La société [4] a saisi, le 26 janvier 2023, la commission de recours amiable de la caisse afin de contester cette décision.
Par courrier recommandé avec accusé de réception du 6 avril 2023, la société [4] a saisi le pôle social du tribunal judiciaire de Créteil sur rejet implicite de la commission de recours amiable.
L'affaire a été appelée à l'audience du 21 mai 2024.

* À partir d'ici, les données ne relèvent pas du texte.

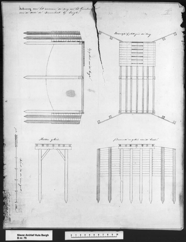 Tekening door Arnold te Wiel jr. in het Nieuw Archief Huis Bergh, archieftoegang 0204, inventarisnummer B76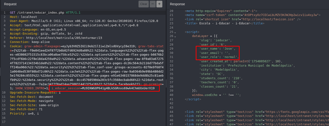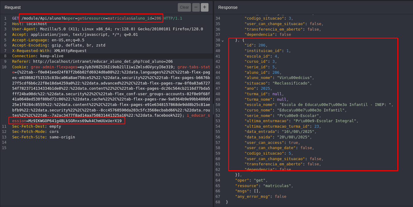 endpoint of the i-Educar application.This flaw allows a user without proper permissions to query the endpoint and retrieve ** class information** by manipulating request parameters.This flaw allows low-privileged users (e.g., standard student/responsible accounts) to retrieve enrollment (matriculas) information of students outside their scope, exposing Personally Identifiable Information (PII) without proper authorization checks.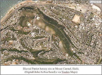 Yandex发布的以色列海法卫星照片,以军爱国者导弹阵地被模糊化,但此举形同暴露阵地位置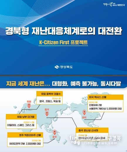 파이낸셜대구경북 강대산 기자 | 경북도는 재난의 일상화, 극한(대형)화에 따라 기존 관 주도 사후 대응에서 민 ・ 관 협력 사전 예방 체계 구축을 위해 도민 안전을 최우선 원칙으로 하는 ‘K-CITIZEN FIRST 프로젝트’를 본격 추진한다.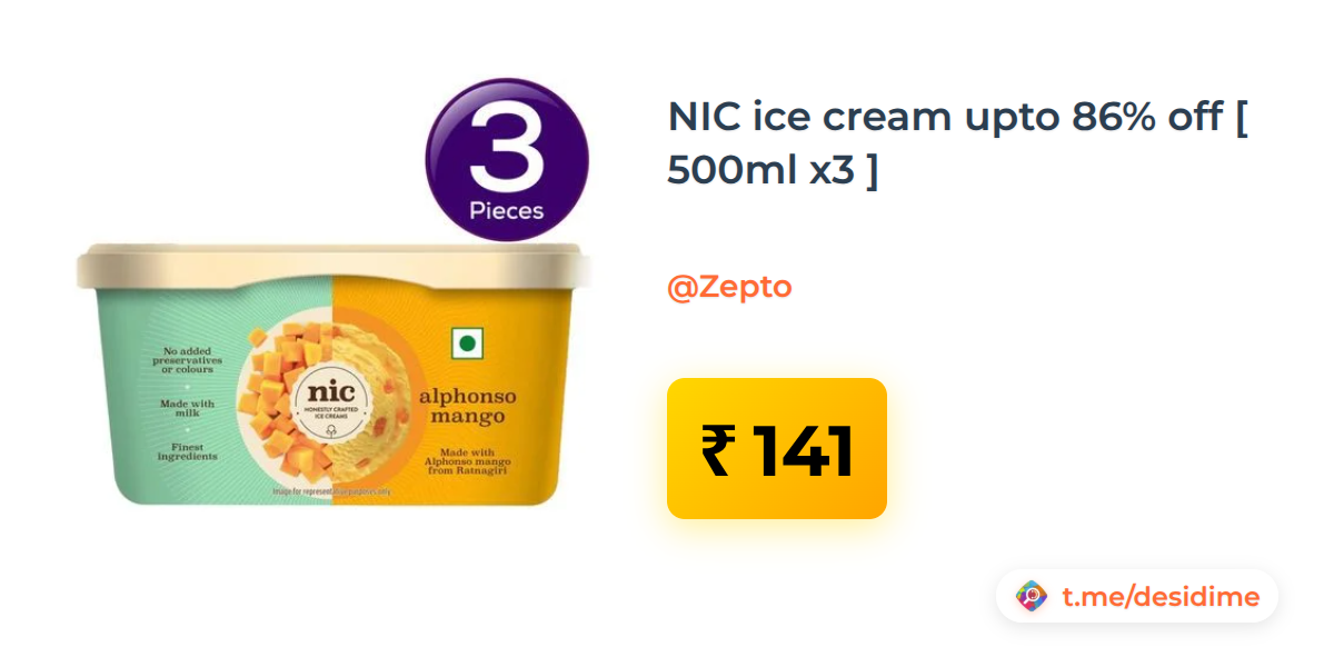 🌡572 ° - NIC ice cream upto 86% off [ 500ml x3 ] - Rs 141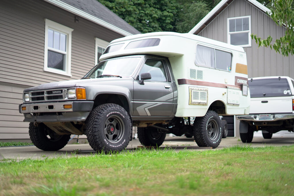 The next phase of our Toyota Chinook project involved mounting the camper shell onto the frame of a 1988 Toyota 4×4 pickup—check back soon for updates as the build moves forward.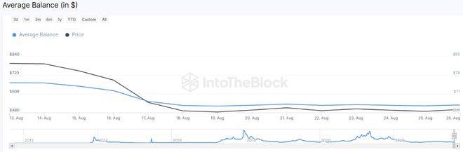 有趣的是,莱特币的 OI 加权融资利率已从 8 月 20 日的 -0.025% 升至 0.004%。正的资金利率表明看涨情绪,因为多头交易者向空头交易者支付费用以维持其合约。然而,平均余额指标一直在稳步下降,从 8 月 13 日的高点 671 美元跌至今天的 528 美元。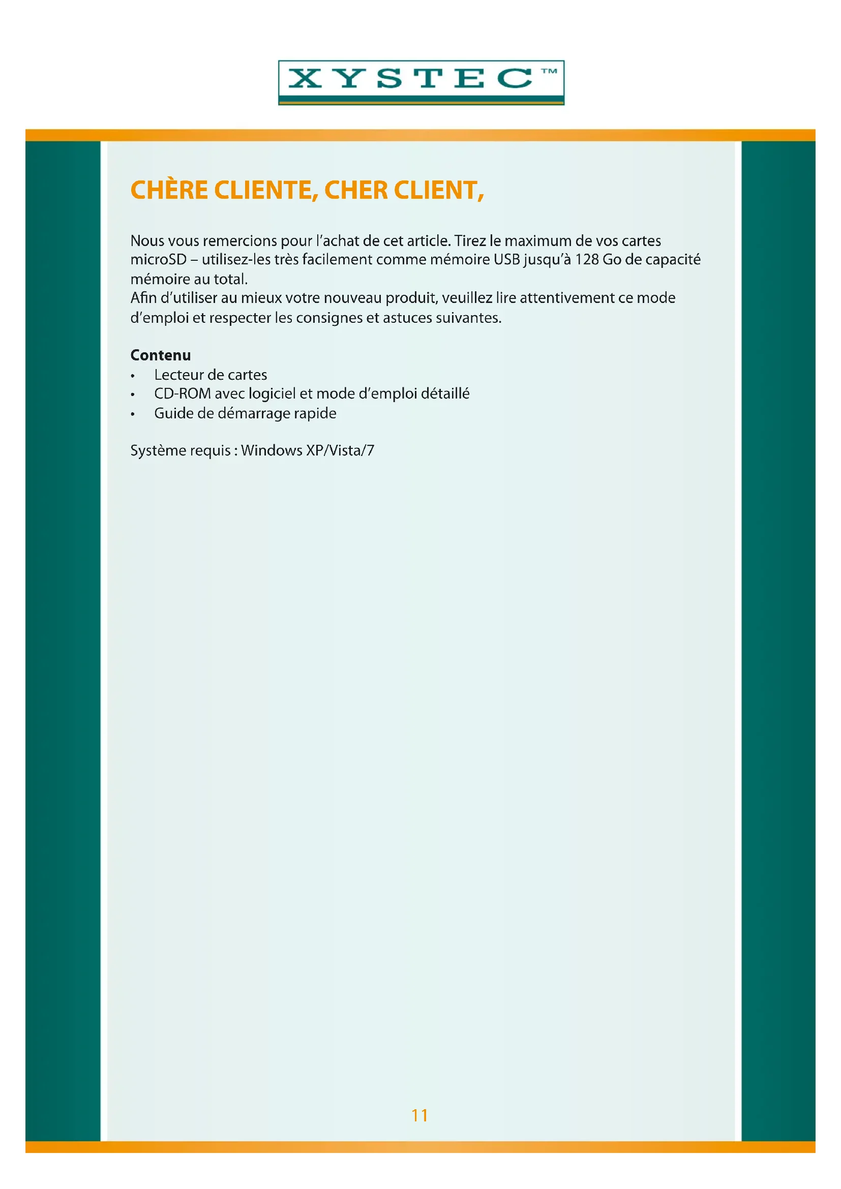 PX-1134-675 Mode d‘emploi11 CHÈRE CLIENTE, CHER CLIENT, Nous vous remercions pour l’achat de cet article. Tirez le maximum de vos cartes microSD – utilisez-les très facilement comme mémoire USB jusqu’à 128 Go de capacité mémoire au total. Afin d’utiliser au mieux votre nouveau produit, veuillez lire attentivement ce mode d’emploi et respecter les consignes et astuces suivantes. Contenu Lecteur de cartes CD-ROM avec logiciel et mode d’emploi détaillé Guide de démarrage rapide Système requis : Windows XP/Vista/7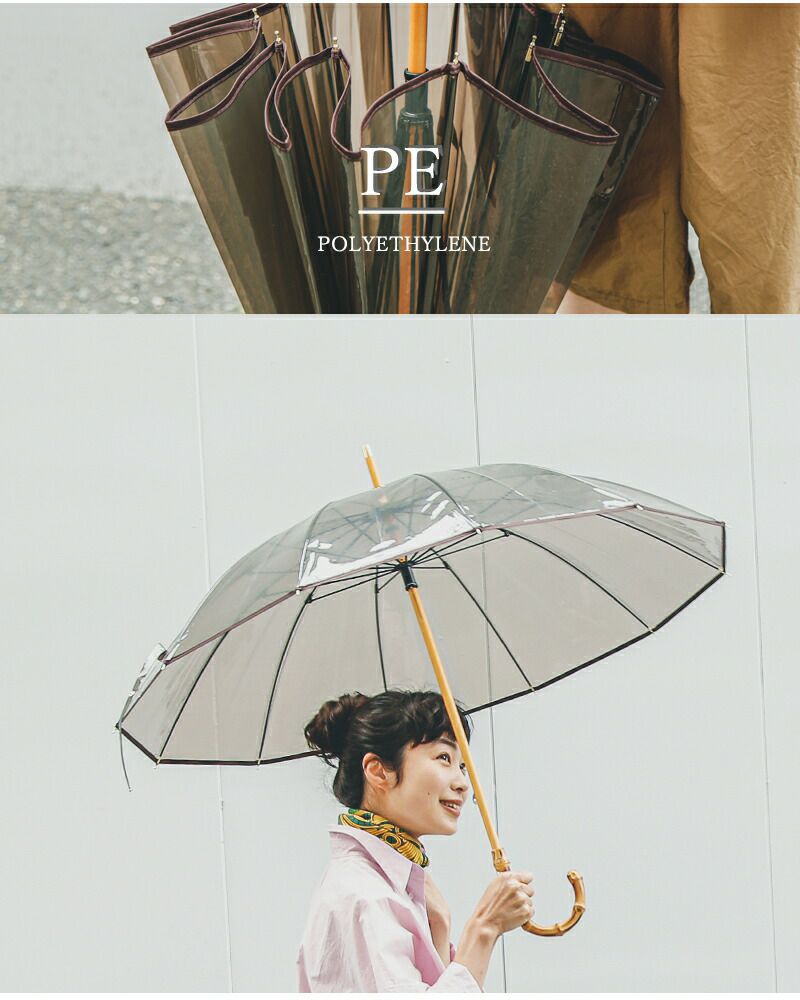 デイリーな印象のビニール素材にクラシックなバンブーハンドルを掛け合わせることで、上品でモダンなビニール傘へと昇華。エレガント過ぎず、カジュアル過ぎず、どこか上品さを感じる雰囲気が特徴。実はどんなスタイルにもはまる汎用性の高いデザインです。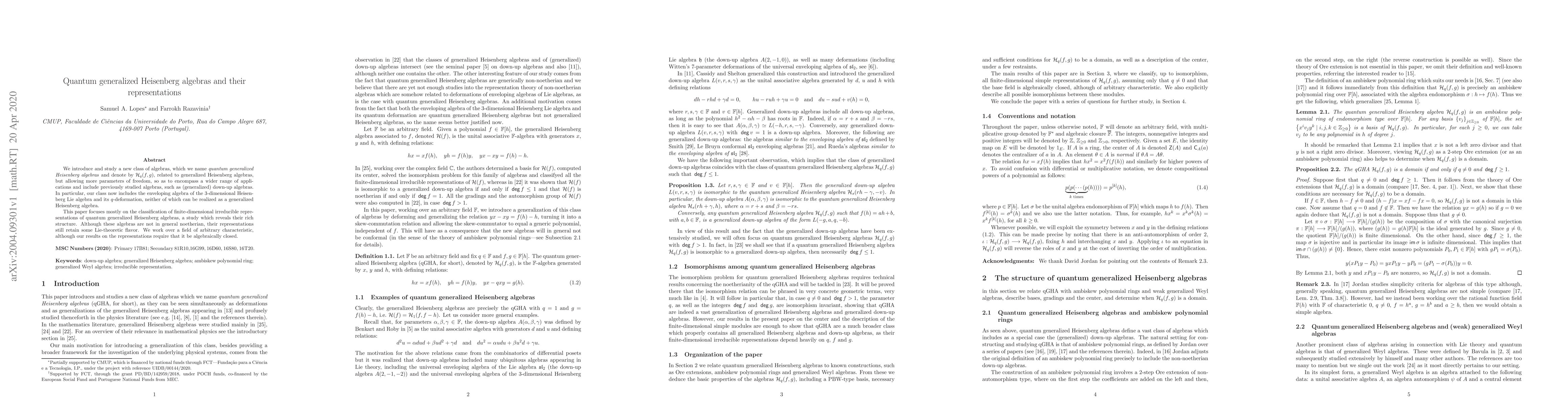 We introduce and study a new class of algebras, which we name \textit{quantum generalized Heisenberg algebras} and denote by $\mathcal{H}_q (f,g)$, related to generalized Heisenberg algebras, but allowing more parameters of freedom, so as to encompass a wider range of applications and include previously studied algebras, such as (generalized) down-up algebras. In particular, our class now includes the enveloping algebra of the $3$-dimensional Heisenberg Lie algebra and its $q$-deformation, neither of which can be realized as a generalized Heisenberg algebra. This paper focuses mostly on the classification of finite-dimensional irreducible representations of quantum generalized Heisenberg algebras, a study which reveals their rich structure. Although these algebras are not in general noetherian, their representations still retain some Lie-theoretic flavor. We work over a field of arbitrary characteristic, although our results on the representations require that it be algebraically closed.

La société [4], régulièrement représentée, a comparu. Elle a confirmé à l’audience les termes de son courrier adressé au tribunal le 17 avril 2024 en indiquant qu’elle souhaitait se désister de son instance.
La caisse primaire d’assurance maladie de [Localité 3], régulièrement représentée, a comparu. Elle a indiqué qu’elle acceptait le désistement du demandeur.
A l’issue des débats, l’affaire a été mise en délibéré au 29 juillet 2024 par mise à disposition au greffe.
MOTIFS DE LA DECISION
Selon les dispositions de l’article 394 du code de procédure civile, « Le demandeur peut, en toute matière, se désister de sa demande en vue de mettre fin à l'instance ».
Il résulte de l'article 395 du même code que : « Le désistement n'est parfait que par l'acceptation du défendeur.
Toutefois, l'acceptation n'est pas nécessaire si le défendeur n'a présenté aucune défense au fond ou fin de non-recevoir au moment où le demandeur se désiste ».
L'article 397 du même code dispose enfin : « Le désistement est exprès ou implicite ; il en est de même de l'acceptation ».
En l’espèce, il est donné acte à la société [4] de son désistement d’instance. Il doit être rappelé qu’en matière de procédure orale, le désistement formulé par écrit produit immédiatement son effet extinctif.
Les dépens sont à la charge du demandeur, sauf accord contraire des parties, conformément aux dispositions de l'article 399 du code de procédure civile.
PAR CES MOTIFS
Le tribunal,
CONSTATE que la société [4] se désiste de son instance ;
CONSTATE en conséquence l'extinction de l'instance et le dessaisissement du tribunal ;
DIT que les dépens sont à la charge de la société [4] sauf meilleur accord des parties.